(THE DATA Opens)
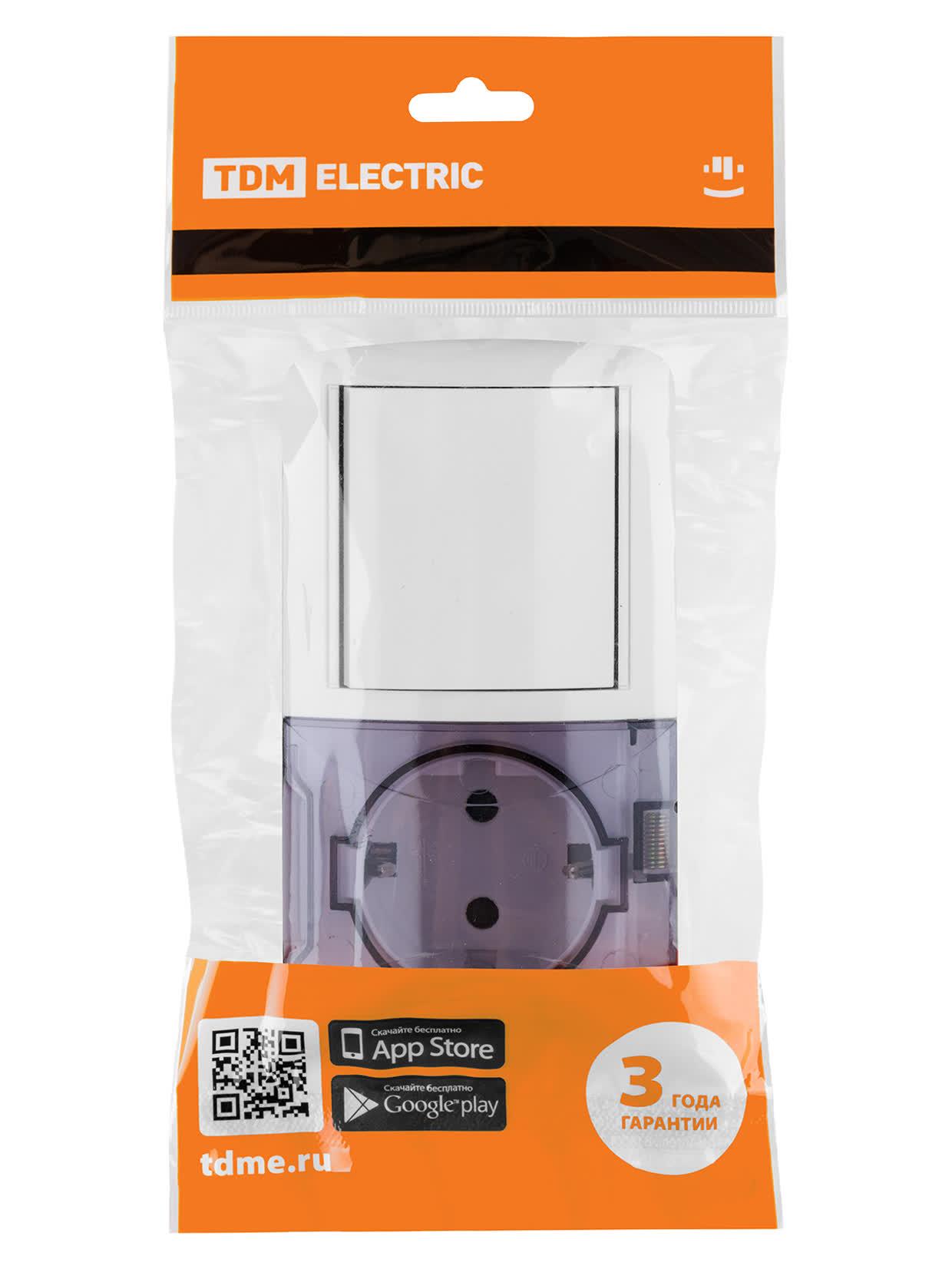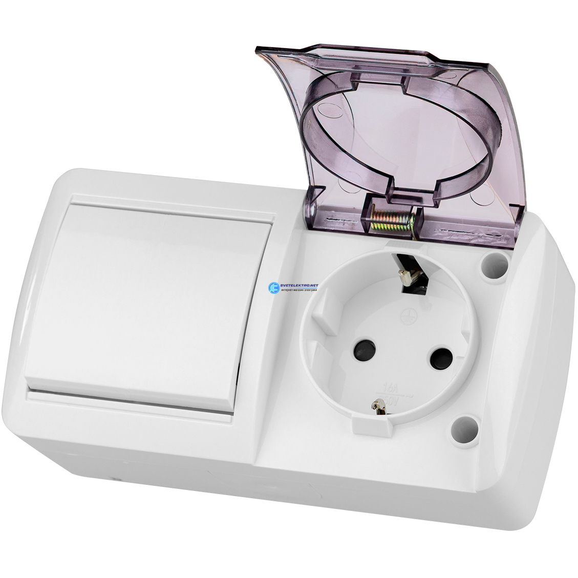 Блок выключатель 1-кл. 10А + розетка 2П+З 16А с защ. штор. с прозр. крыш. IP54 белый "Селигер", код SQ1818-0021, производитель TDM
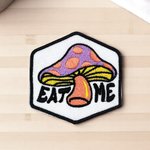 Ce patch brodé "EAT ME" met en avant un champignon aux couleurs vibrantes, parfait pour les adeptes du style rétro et psychédélique.
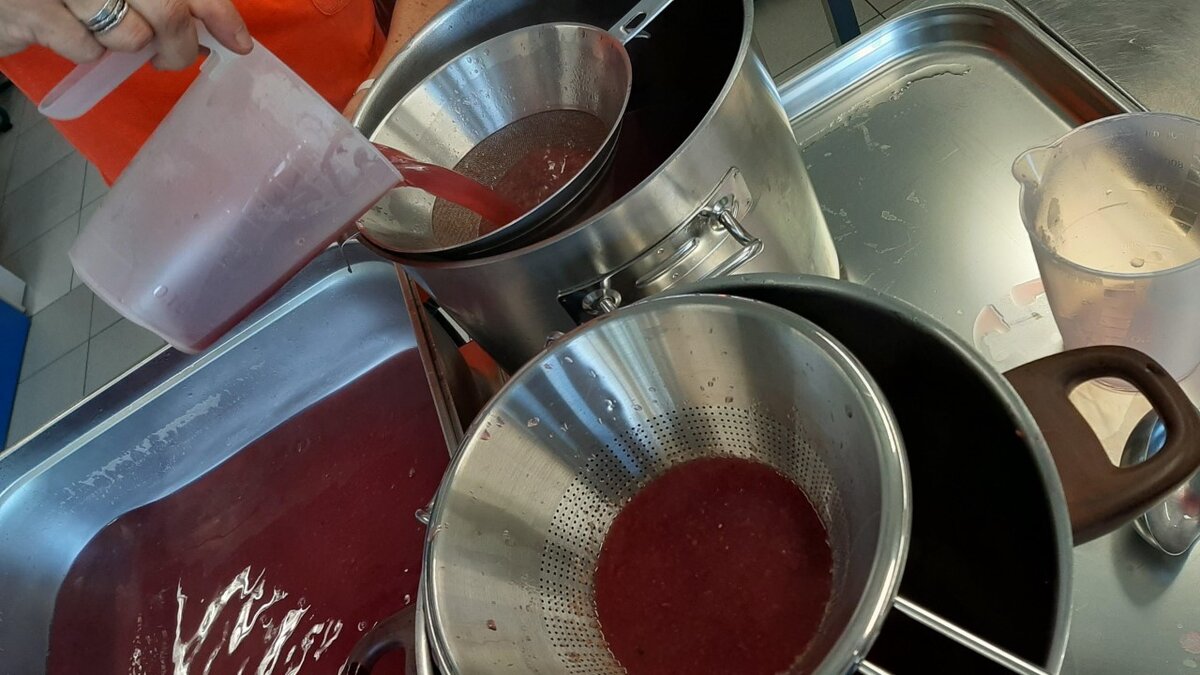 De velletjes gooiden we weg. En we zeefden het sap nog een keer.
(THE DATA Closes)
◆ REQUIRED WORK
With pictures excluded, the material is to be written out exactly as given.

◆ EXERCISE RESULT
 Блок выключатель 1-кл. 10А + розетка 2П+З 16А с защ. штор. с прозр. крыш. IP54 белый "Селигер", код SQ1818-0021, производитель TDM
 Ce patch brodé "EAT ME" met en avant un champignon aux couleurs vibrantes, parfait pour les adeptes du style rétro et psychédélique.
 De velletjes gooiden we weg. En we zeefden het sap nog een keer.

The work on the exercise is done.